Capita integrates hospital IT for Maidstone and Tunbridge Wells NHS Trust Pembury site
Capita has installed an integrated IT system to support an NHS Trust's move from two to one hospital.
Capita has installed an integrated IT system to support an NHS Trust's move from two to one hospital.
Maidstone and Tunbridge Wells NHS Trust's new hospital in Pembury is the result of a £226m PFI initiative.
Capita's three-year contract, worth £3.4m, is to integrate IT systems from the old Pembury hospital and the Kent and Sussex hospital.
The IT infrastructure will update the support for medical staff with access to applications such as picture archiving and a communications system.
The ICT infrastructure will benefit patients and staff with improved bedside care. Consultants will have access to clinical applications, including PACS (Picture Archiving and Communications System) images on wireless devices.

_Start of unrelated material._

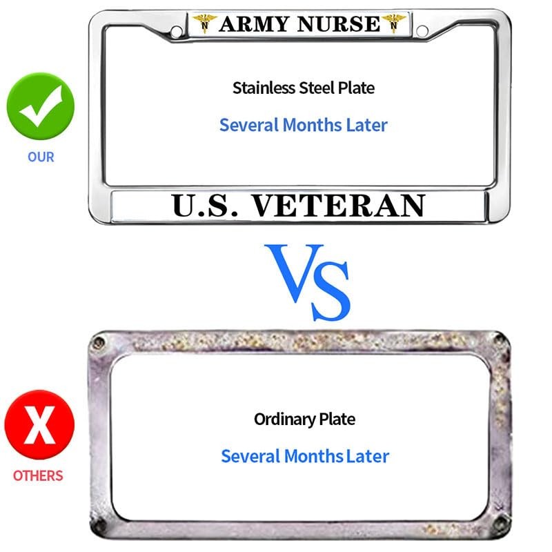 Army Nurse US Veteran Metal Chrome Auto License Plate Cover,Veteran US Army Nurse Stainless Steel Car Licence Plate Covers

These include X-Rays, MRI and CT scans.
The wireless infrastructure will mean hospital employees will be contactable wherever they are in the hospital.

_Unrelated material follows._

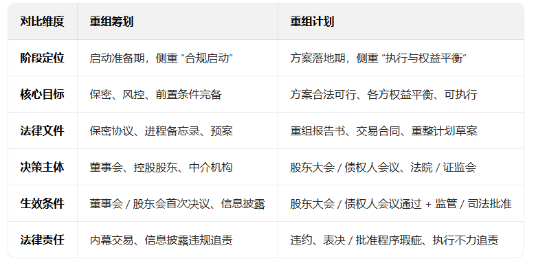 这里要强调一下,重组筹划与重组计划的法律要义。

Dr George Noble, consultant physician and clinical director for IT, said: "It is fantastic to see IT coming together with clinical services and patients."
Capita has also built a datacentre that will monitor the use of energy, supporting the NHS Trust's green agenda.

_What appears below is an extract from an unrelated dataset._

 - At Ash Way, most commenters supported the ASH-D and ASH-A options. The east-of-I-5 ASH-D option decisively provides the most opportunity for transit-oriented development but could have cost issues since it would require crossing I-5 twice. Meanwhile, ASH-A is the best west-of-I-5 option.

Scott Gilfedder, network integration manager at Capita, said the hospital being a new build avoided some of the problems associated with projects at operational hospitals.
But he said there were challenges testing the systems as a result of delays caused by the winter bad weather.
The Telcos providing the networks, BT and Virgin Media, were unable to carry out work when and where originally planned because of snow. As a result the IT department had a shorter period of time to test systems. "We had planned for 60 days to test but we only had 10 days to test before the first patients were moved in," said Scott Gilfedder.